While most of Tentsile’s sales have come from its website up until now, the company foresees more activity this year through its new deals with retailers, like REI and Backcountry.com in the U.S. and Bergfreunde.de in Germany. The team also has a distribution deal with the travel site GlobeTrotter.com.
On its REI review page, customer comments about the Stingray are mostly positive, with praise for its convenient size, set-up time, and cool factor. (One customer complained about the quality of the stitching.) One Stingray owner wrote:
Nice not waking up in a puddle of water after heavy rains. Recommend setting up off the beaten path as you will be bothered by people asking you question[s]. I set it up on an island on [a] canoe trip and still had boaters stop and comment on it.
For a group of nature lovers, the Tentsile team is extremely wired into the tech world. The site is powered by Shopify. It accepts Stripe. They duly update the Facebook page, Instagram feed, YouTube channel, and blog. And they ship globally with ease, through a company called Shipwise, which lets Tentsile ship anywhere from five shipping depots around the world. “We literally just click a few buttons, and it’s done,” Robert says.
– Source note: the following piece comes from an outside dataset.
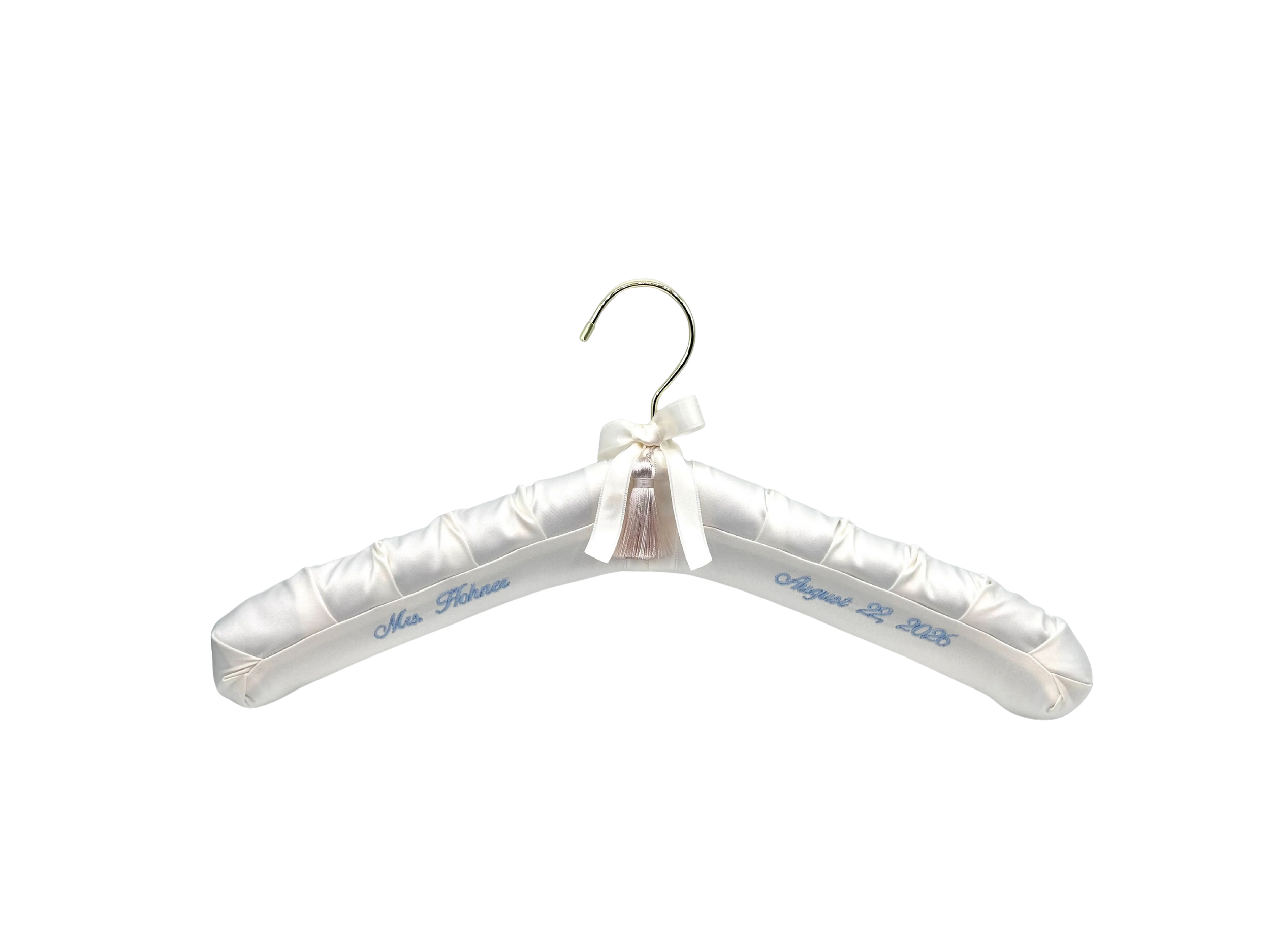Wrapped in soft batting and covered with luxurious satin, this hanger is as durable as it is beautiful. Brides love the bar-free design, making it ideal for even the most elaborate gowns. From the smooth touch of satin to the sparkling charm, every detail is thoughtfully curated to celebrate your once-in-a-lifetime moment.

In addition to a good logistics partner, Tentsile works with distributors who believe in the brand. Tentsile’s South Korean distributor prominently features Tentsile’s background story on her site’s welcome page. “People in South Korea want to hear those stories, too,” Robert says.
Tentsile isn’t only interested in revenue; it’s using its business to protect the trees its customers rely on. The team has partnered with WeForest.org to help prevent forests from unnecessary destruction. For every tent Tentsile sells, WeForest.org plants three trees in tropical forests.
The company’s conservationist ethos has helped it burnish its ecotourism credentials. At the end of 2013, Tentsile paired up with an NGO to create a self-contained ecovillage in Fiji using its tree tents. Tourists looking for an alternative to the island’s resort life could stay in the tents, situated in the rain forest and supplied by the ecovillage’s own organic garden. Tentsile also offers camping packages in Cambodia and Finland, complete with guides and chefs. (The three-day expedition in Finland costs €855 [$970] per person.) It also sees markets beyond tourism and camping. Expeditions, wildlife filming, scientific research, festivals, safaris, and humanitarian relief situations are all ideal venues for Tentsile’s tents, according to the company’s site.
Still, tree tents face a long climb up the camping equipment ladder. Dan Zenkel, a summer camp consultant, says he isn’t sure that tree tents have found a following in the camping world just yet. But he knows that traditional tree houses appeal to kids at summer camps. And this is a compelling market for the camping industry: as the authors of the American Camper Report note, most American campers begin camping at age 15 and younger.
“A lot of summer camps are offering tree houses to kids to sleep in. There’s an opportunity there for these tents,” says Zenkel. They offer a fun element that regular tents don’t, and “they’re cheaper”—at least cheaper than building a tree house.